As a blog owner, I feel that it’s my job to share everything: the good, the bad, and the ugly. It’s my job to be real to myself and to you, and that’s exactly what this post is. I’m not here to put up a front and pretend my life is perfect, because it’s far from it. I’m not here to gain sympathy either.
It’s 11PM on a Sunday as I’m writing this post, listening to my saddest playlist, crying and thinking about Thailand. As Thailand inches closer, I worry more everyday. I’ve never been away from home for more than a month, and now I’m leaving for four. I’ve also never been so far away from home. Don’t get me wrong, I am SO SO excited and SO SO thankful for this opportunity, but I’d be lying if I said I wasn’t nervous. I’m scared. Terrified actually. Thoughts keep running through my head, like “is this a mistake?”. Even though deep down I know it’s not. Either way, it’s too late to back out now. I’m already in. The comments from family saying “don’t go” and “stay home” don’t help either. The more time I spend time with my family, the more I worry about leaving them. So much can change in four months!

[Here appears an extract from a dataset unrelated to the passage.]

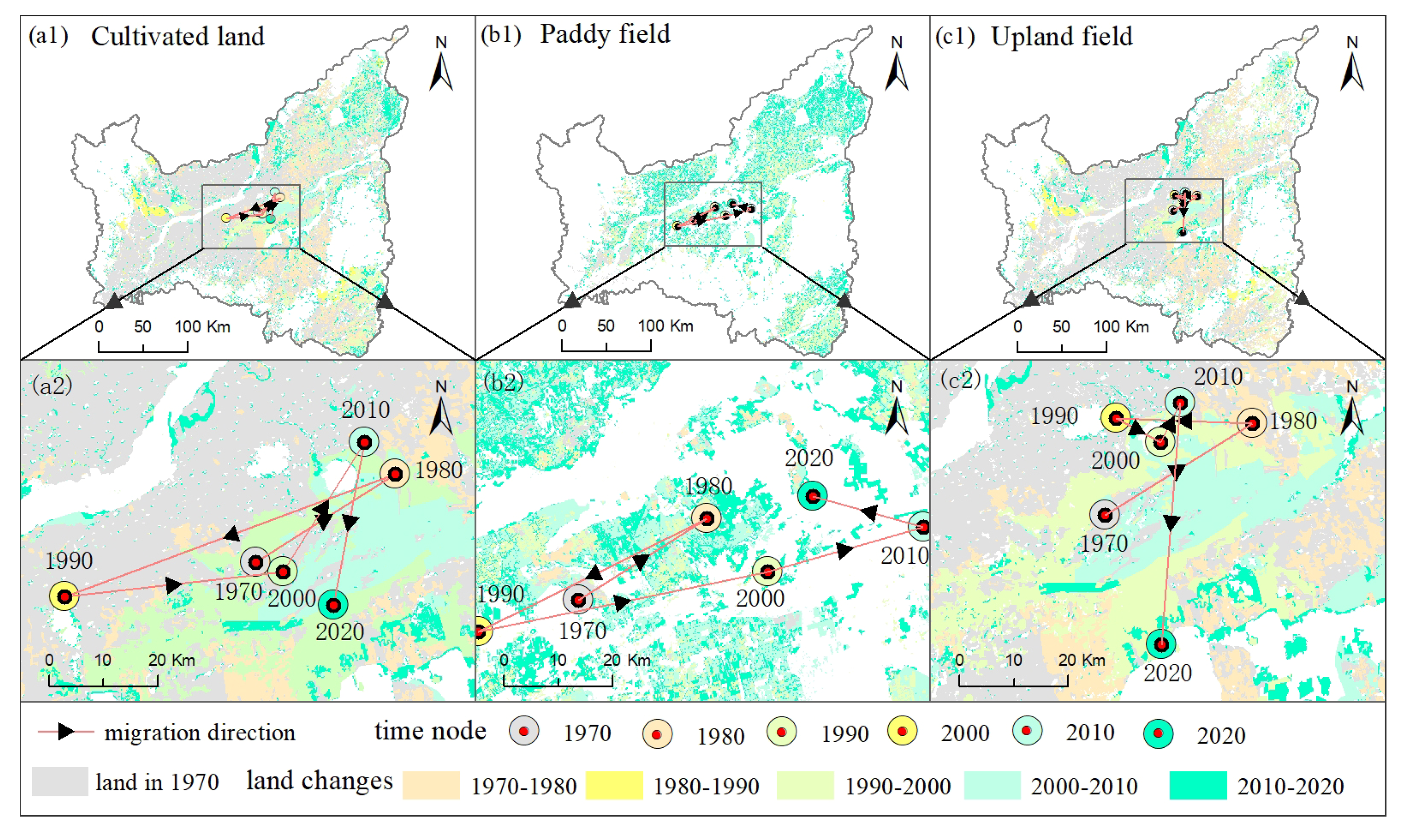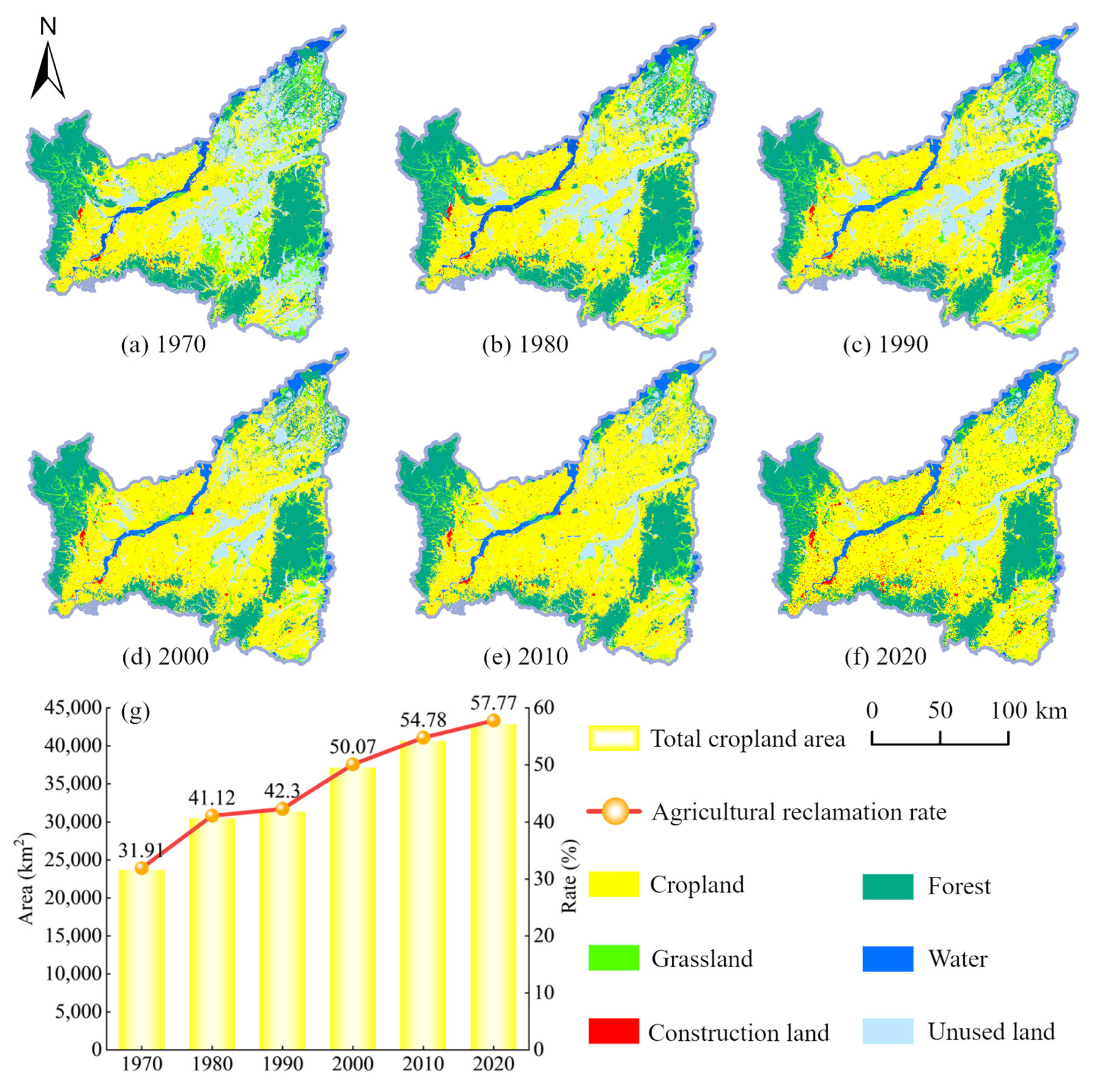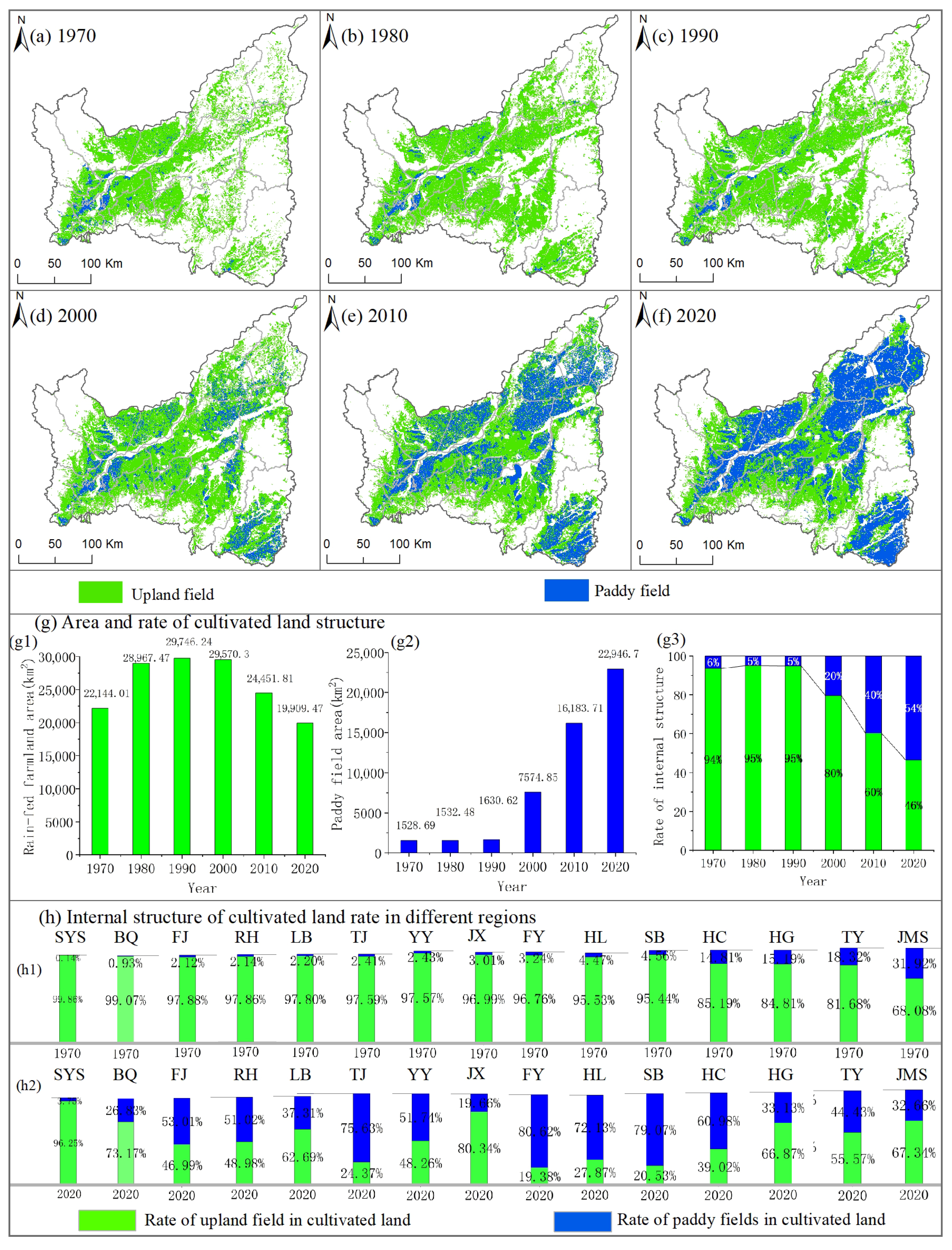 3.2. Cropland Structure Migration Process with 10-Year Intervals in the Study Area from 1970 to 2020

From now on, I’m going to push myself to focus on the positives and how much of a blessing this trip is. I’ll be meeting so many incredible people and changing so many lives, including my own. There’s no sense in focusing on the negatives, as it’ll only make things worse. I’m thankful to have people in my life that make leaving so difficult.
This post was written in about 20 minutes. It’s so simple, but raw and real to what I was feeling. I felt extremely compelled to share this, because often I find that social media is a bunch of people bragging about how perfect their lives are. Writing this also helped bring me back to reality and put things in perspective, so I hope it’s appreciated!